El día siguiente llovió como solo sabe hacerlo el cielo de Galicia, parecía mentira que estuviéramos en el mismo escenario. Visitamos la ciudad y aprovechamos para cambiar una de las baterías del Corto Maltés que daba ya señales de desfallecer. No nos apetecía afrontar las largas etapas de Portugal, un país que no conocíamos por mar, con pocos puertos de abrigo y una meteorología inclemente, con el riesgo de que fallase el plotter. Igualmente para terminar de reparar el espí localizamos una velería que nos puso el ollao que le faltaba tras la reparación de Navia, que había dejado el puño de driza rematado con una pieza de cuero. Fue la reparación definitiva pues no solo no falló en todo el resto de la vuelta a España sino que ha quedado más sólido que los ollaos originales. Finalmente adquirimos un compás de marcaciones náutico, pues el que teníamos era uno militar menos exacto, compás que, por cierto, nos prestó un extraordinario servicio para identificar zonas de la costa que no conocíamos.

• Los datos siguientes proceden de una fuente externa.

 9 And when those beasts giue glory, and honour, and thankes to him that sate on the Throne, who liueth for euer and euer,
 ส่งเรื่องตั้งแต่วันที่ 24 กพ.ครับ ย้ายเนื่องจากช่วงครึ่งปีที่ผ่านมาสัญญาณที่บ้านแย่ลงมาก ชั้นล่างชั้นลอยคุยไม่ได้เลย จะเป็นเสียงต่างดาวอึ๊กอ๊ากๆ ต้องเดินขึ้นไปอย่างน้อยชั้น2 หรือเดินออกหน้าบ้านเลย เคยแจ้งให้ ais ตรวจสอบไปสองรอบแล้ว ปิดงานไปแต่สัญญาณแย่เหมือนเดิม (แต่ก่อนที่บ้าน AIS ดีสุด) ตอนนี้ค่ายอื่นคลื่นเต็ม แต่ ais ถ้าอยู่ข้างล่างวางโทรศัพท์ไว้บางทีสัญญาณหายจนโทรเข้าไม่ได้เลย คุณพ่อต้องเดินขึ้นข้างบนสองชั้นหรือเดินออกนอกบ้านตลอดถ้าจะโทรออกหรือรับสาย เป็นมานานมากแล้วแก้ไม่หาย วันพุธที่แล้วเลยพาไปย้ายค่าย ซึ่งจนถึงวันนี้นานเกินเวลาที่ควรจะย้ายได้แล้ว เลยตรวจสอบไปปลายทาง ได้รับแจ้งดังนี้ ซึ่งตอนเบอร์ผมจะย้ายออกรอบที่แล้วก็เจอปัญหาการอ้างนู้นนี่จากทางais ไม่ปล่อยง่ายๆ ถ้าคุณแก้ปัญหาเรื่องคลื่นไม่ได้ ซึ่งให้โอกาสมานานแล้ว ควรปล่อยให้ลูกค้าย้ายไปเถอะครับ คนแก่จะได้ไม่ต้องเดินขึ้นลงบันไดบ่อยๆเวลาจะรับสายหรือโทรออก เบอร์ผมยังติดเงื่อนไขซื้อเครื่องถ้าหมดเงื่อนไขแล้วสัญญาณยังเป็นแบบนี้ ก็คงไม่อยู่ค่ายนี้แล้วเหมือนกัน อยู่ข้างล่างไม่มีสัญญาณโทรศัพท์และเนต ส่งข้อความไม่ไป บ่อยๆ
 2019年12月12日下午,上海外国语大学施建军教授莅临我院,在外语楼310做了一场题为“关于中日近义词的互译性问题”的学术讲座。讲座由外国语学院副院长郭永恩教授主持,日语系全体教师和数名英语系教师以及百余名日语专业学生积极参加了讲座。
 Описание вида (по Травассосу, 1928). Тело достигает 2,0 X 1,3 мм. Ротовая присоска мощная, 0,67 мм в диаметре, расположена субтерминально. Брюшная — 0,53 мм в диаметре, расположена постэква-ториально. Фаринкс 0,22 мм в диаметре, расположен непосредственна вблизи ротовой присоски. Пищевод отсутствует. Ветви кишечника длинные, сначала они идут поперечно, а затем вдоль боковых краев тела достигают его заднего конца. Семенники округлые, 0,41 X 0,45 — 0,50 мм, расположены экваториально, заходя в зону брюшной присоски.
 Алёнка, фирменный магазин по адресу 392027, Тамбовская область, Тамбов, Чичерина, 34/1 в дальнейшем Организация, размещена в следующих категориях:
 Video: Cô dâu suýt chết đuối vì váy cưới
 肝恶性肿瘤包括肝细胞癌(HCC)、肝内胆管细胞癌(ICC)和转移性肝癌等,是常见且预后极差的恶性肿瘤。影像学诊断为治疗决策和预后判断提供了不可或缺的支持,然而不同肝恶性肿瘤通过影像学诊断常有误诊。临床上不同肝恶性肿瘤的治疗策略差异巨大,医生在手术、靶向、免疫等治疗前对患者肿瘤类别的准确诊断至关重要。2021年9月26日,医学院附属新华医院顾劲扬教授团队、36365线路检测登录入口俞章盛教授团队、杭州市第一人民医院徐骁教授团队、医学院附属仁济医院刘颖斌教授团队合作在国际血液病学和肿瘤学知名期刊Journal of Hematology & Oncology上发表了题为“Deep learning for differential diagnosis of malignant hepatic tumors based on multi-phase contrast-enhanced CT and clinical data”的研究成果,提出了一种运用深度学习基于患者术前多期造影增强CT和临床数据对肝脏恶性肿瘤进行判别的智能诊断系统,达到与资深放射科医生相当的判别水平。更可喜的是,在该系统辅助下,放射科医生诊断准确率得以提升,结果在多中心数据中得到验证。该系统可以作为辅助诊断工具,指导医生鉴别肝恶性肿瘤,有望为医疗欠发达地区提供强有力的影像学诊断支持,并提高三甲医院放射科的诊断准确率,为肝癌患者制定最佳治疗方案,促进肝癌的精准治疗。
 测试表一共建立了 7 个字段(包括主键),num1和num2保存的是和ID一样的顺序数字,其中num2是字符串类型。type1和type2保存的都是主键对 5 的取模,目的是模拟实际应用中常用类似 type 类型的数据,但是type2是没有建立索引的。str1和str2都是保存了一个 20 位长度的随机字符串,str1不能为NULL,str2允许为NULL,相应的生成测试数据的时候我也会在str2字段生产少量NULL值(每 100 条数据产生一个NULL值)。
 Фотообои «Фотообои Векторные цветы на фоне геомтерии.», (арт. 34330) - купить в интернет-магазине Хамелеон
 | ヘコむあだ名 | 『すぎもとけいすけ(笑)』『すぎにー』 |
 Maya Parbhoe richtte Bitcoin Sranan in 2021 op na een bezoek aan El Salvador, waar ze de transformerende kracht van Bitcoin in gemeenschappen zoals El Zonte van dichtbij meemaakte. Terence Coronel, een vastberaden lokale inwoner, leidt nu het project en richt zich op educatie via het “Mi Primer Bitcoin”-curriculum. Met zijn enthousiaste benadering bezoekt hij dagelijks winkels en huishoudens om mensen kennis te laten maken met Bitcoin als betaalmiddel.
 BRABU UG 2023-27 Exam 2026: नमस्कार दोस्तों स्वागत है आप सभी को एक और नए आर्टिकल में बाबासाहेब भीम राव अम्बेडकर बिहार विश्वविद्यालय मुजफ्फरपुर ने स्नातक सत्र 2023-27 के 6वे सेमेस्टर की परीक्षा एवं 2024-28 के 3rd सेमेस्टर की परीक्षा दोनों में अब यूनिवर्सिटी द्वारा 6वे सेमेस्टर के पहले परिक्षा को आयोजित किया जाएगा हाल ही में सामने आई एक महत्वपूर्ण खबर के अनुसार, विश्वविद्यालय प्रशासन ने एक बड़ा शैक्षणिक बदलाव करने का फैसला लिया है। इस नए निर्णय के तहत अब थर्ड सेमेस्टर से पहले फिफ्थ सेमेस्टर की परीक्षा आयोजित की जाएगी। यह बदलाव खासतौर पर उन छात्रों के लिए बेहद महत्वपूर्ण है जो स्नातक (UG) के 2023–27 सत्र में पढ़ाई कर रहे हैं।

El siguiente día amaneció nublado pero no llovía, así que decidimos aprovechar una oportunidad única que brinda la Asociación de Marineros Artesanos de San Miguel de Bouzas (Vigo) de conocer la navegación en este tipo de veleros clásicos. Tienen una pequeña flota de “dornas” en la que permiten salir a navegar una vez a la semana a cualquiera que tenga interés en conocerlas. La dorna es la embarcación tradicional emblemática de las Rías Bajas. Originalmente era una barca de pesca de aproximadamente 4,50 metros de eslora y 1,50 de manga, con proa redonda que sobresale de la cubierta, la popa chata y la quilla pronunciada. Posteriormente se han construido dornas de mayor eslora, hasta de 8-9 metros, pero siempre sin cabina, manteniendo su carácter de embarcación abierta. Lleva una única vela latina y dos remos para cuando no hay viento. Generalmente la manejaban dos tripulantes a bordo, el patrón a la caña y el marinero que se ocupa del izado de la vela. Es de procedencia vikinga, totalmente fabricada en madera, construida en tingladillo con las tablas yuxtapuestas, montando unas sobre otras. Las cuadernas sobresalen de la cubierta formando los apoyos de los remos. Nos llamó mucho la atención el timón. Es una pieza enorme y muy pesada que, además, actúa como orza, prolongándose hacia delante más abajo de la quilla, gobernado mediante una caña de una sola pieza. El timón se guarda en cubierta y hay que conseguir envergarlo en los herrajes que lleva bajo el agua (y por tanto a ciegas) utilizando unos cabitos que lo guían hacia ellos. Pero esto que dicho así suena tan fácil, en la práctica cuesta varios intentos hasta que se da por bien armado. Con la introducción del motor se modificó el espejo de popa para acoplar un fueraborda, si bien algunas dornas lo instalan en un costado.